Dairy food from cattle and goats can relieve the hardening of arteries caused by excessive meat consumption and replenish antioxidants, probiotics, and various nutrients, it noted.
The research pointed out that in prehistoric times, dairy products could have been the daily food of the pastoral communities on the Tibetan Plateau.
"However, no direct evidence of dairy products during prehistoric times has yet been found in the high-elevation areas of the Tibetan Plateau, except for some clues from visible food remains," it said.
The latest discovery was made at the Gongthang Ruin site, which is located 4,000 meters above sea level on the left bank of one of the tributaries of the Yarlung Zangbo River.
The dating results of plant remains indicated that the site dates back to 3,000 years ago. The researchers also discovered pottery pieces at the site and analyzed six of them for lipid residues.
"We found that three of the pottery pieces have dairy residues," said Zhang Yunan, a researcher at ITP.

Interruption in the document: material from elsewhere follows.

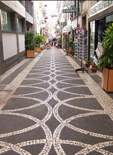 This pretty border of a Calçada Portuguesa mosaic can be found in Ponta Delgada, the capital of the Azores. I think it’s a must-have for my socks with motifs from Portuguese pavement art. Since the pattern for the border requires 19 stitches vertically, as in the photo, I made a second (horizontal) version. I then used it for the socks. Which do you prefer?

Through technical analysis, we also confirmed that the date of the three pieces is consistent with the archaeological site, proving that the pottery was indeed used by the inhabitants of the time, Zhang added.
The research pointed out that in contrast to primary animal products such as meat and blood which can be extracted only once in the lifetime of an animal, secondary animal products are defined as those which can be exploited without slaughtering animals such as milk and wool.
According to Yang Xiaoyan, a professor at Lanzhou University, the time of the milk residue at Gongthang Ruin coincided with the domestication of herbivores, agriculture, and animal husbandry at the Qugong archaeological site in Lhasa and the Bangga site in Shannan.
"It may imply that the development of milk as a secondary product occurred at the same time as the utilization of primary animal products on the Tibetan Plateau," she said.